# iPhone 4? Get the new iOS 7.1



## Sunray (Mar 13, 2014)

Its so much faster than 7.0, its like they just breathed another year or two into my phone.

There were some options I'd switched off to make it faster anyway, but 7.1 v 7.0.6 is like night and day. 

Absolute must have for all iPhone 4 users.


----------



## Virtual Blue (Mar 13, 2014)

i downloaded onto my work phone.
7.1 is pretty much the same as 7.0 and i not seen much difference.
it's pretty boring tbh.


----------



## Sunray (Mar 13, 2014)

Virtual Blue said:


> i downloaded onto my work phone.
> 7.1 is pretty much the same as 7.0 and i not seen much difference.
> it's pretty boring tbh.



Its the same, except its many times faster on an iPhone 4.  (Not 4S, 5,5C or 5S)


----------



## RedDragon (Mar 15, 2014)

Tried it on my iP4 and it's like having boy racer stripes - fixes all those 7.0 cliches that were a bit of a hinder for an old phone. 

Not a bad breath of fresh air for a phone hard wear that's almost four years old.

arstechnica has it's say on 7.1's impact on the iP4


----------



## Kid_Eternity (Mar 16, 2014)

Two people I know with the 4 have both mentioned things are a lot better with 7.1....haven't seen any real difference with my iPhone 5S though...


----------



## Kid_Eternity (Mar 16, 2014)

...that said my 3rd gen iPad with retina is now a touch snappier...


----------



## diond (Mar 16, 2014)

Just what have you found that is considerably faster now compared to before as I can't notice any difference at all?


----------



## gabi (Mar 17, 2014)

Can't see any difference on my iPad either


----------



## skyscraper101 (Mar 17, 2014)

I've heard there are a lot of problems with 7.1 and battery draining, I'm hesitant to update my 5s.

http://www.dailymail.co.uk/news/art...-erasing-contacts-disorienting-keyboards.html


----------



## Sunray (Mar 17, 2014)

RedDragon said:


> Tried it on my iP4 and it's like having boy racer stripes - fixes all those 7.0 cliches that were a bit of a hinder for an old phone.
> 
> Not a bad breath of fresh air for a phone hard wear that's almost four years old.
> 
> arstechnica has it's say on 7.1's impact on the iP4



My iPhone 4 has to break for me to consider moving to another phone. This is still a very decent and capable phone, 4 years old or not. Does what I want, I don't feel I need it to do more.   

Apple produce a 5" phone with retina, that has the iPad mini screen resolution, I might be tempted....


----------



## Kid_Eternity (Mar 19, 2014)

diond said:


> Just what have you found that is considerably faster now compared to before as I can't notice any difference at all?

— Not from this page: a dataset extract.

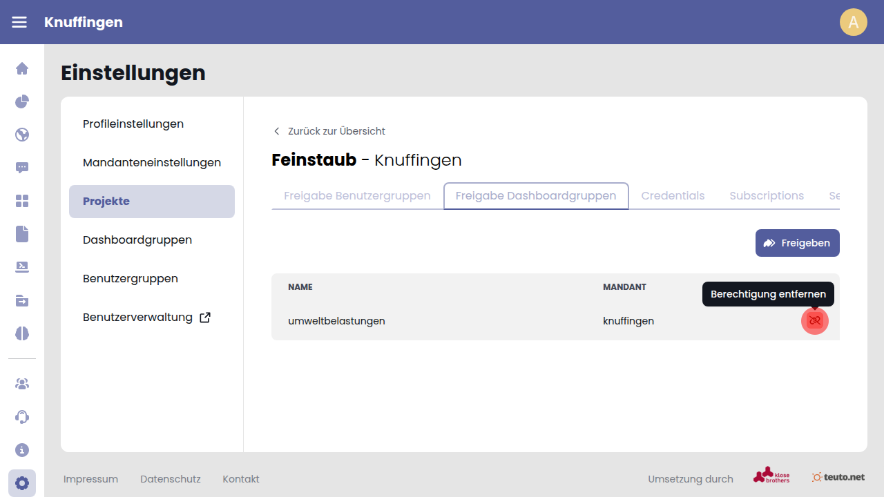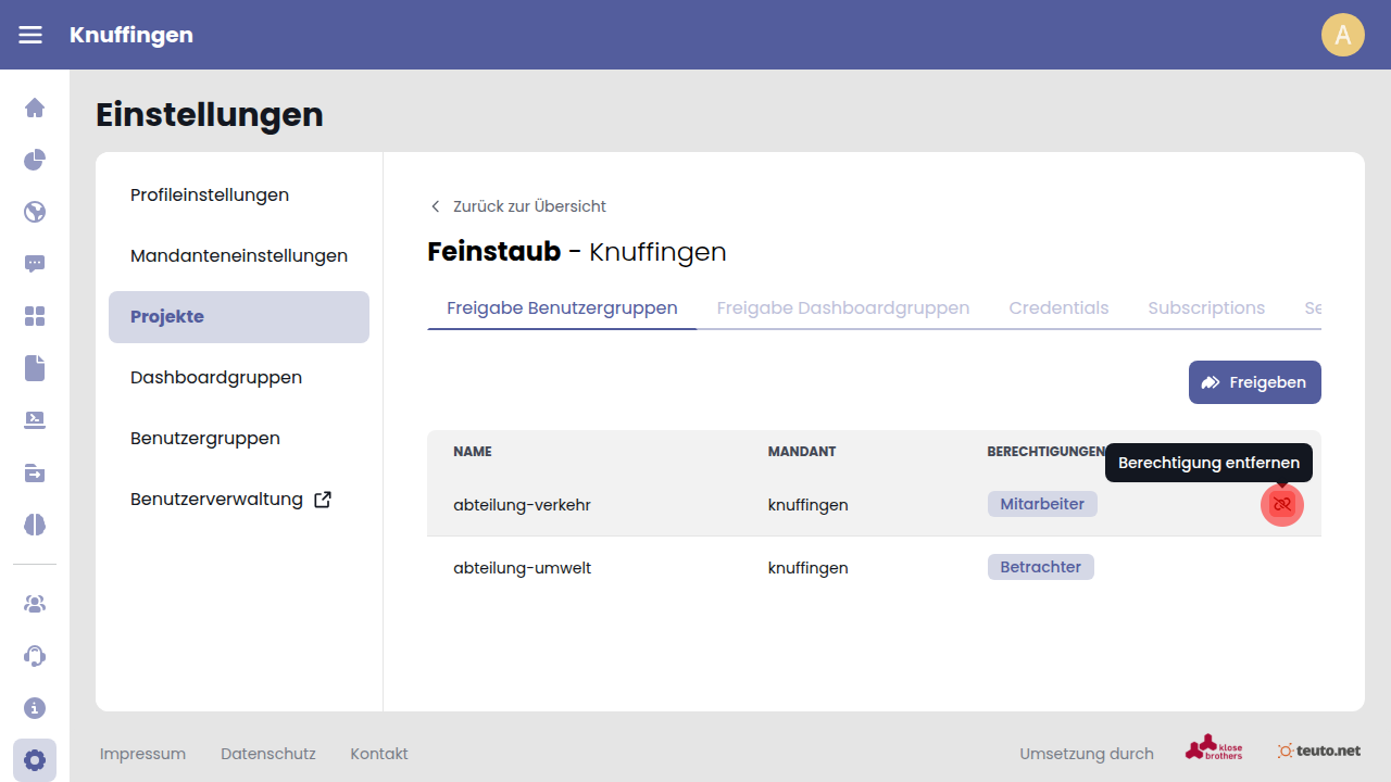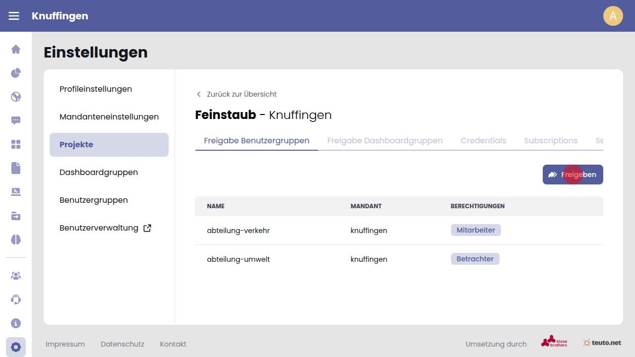 - "Mitarbeiter" bedeutet Schreibzugriff auf das Projekt. Die Projekt-Detailansicht kann durch das Anklicken des Projektes aufgerufen werden, wo die Freigaben dieses Projektes an Dashboardgruppen und Benutzergruppen eingesehen und verwaltet werden können. Außerdem können Subscriptions und Credentials verwaltet werden.

It doesn't stutter when I pull down the search, it's smoother in animation when I open apps and it doesn't lag any time I shut down an app.


----------



## diond (Mar 19, 2014)

Kid_Eternity said:


> It doesn't stutter when I pull down the search, it's smoother in animation when I open apps and it doesn't lag any time I shut down an app.


One thing I have noticed - the battery is leaking power at a considerable rate.


----------



## gabi (Mar 20, 2014)

weird.. the one improvement ive noticed on my ipad is that the battery's lasting a lot longer than it did


----------



## skyscraper101 (Mar 20, 2014)

diond said:


> One thing I have noticed - the battery is leaking power at a considerable rate.

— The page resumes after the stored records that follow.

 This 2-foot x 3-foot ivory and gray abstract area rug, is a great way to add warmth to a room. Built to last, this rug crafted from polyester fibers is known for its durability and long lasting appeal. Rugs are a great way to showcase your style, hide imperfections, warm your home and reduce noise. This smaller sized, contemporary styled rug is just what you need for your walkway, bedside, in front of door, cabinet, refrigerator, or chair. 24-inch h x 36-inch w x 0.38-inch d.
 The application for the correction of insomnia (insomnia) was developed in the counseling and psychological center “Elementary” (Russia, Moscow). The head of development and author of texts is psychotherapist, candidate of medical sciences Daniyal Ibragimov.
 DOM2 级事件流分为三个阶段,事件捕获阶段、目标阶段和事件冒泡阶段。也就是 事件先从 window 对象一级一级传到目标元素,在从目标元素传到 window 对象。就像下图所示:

As per my previous post. I'm not updating anything until I can be sure this issue is fixed. Are you using a 4, 4s, 5?

I want to jailbreak my phone anyway so I'm keeping with 7.0.6 at least until a 7.1 jailbreak is released.


----------



## diond (Mar 20, 2014)

skyscraper101 said:


> As per my previous post. I'm not updating anything until I can be sure this issue is fixed. Are you using a 4, 4s, 5?
> 
> I want to jailbreak my phone anyway so I'm keeping with 7.0.6 at least until a 7.1 jailbreak is released.


I've got the 4. To be honest, it seems to have settled down just now. It was gobbling up power just in standby, but I charged it last night and although I only used it to check the news for about 3-4 minutes today, it's actually still on 100%, almost 12 hours later. Either way, it certainly beats my old Samsung Galaxy Ace hands down for battery usage.


----------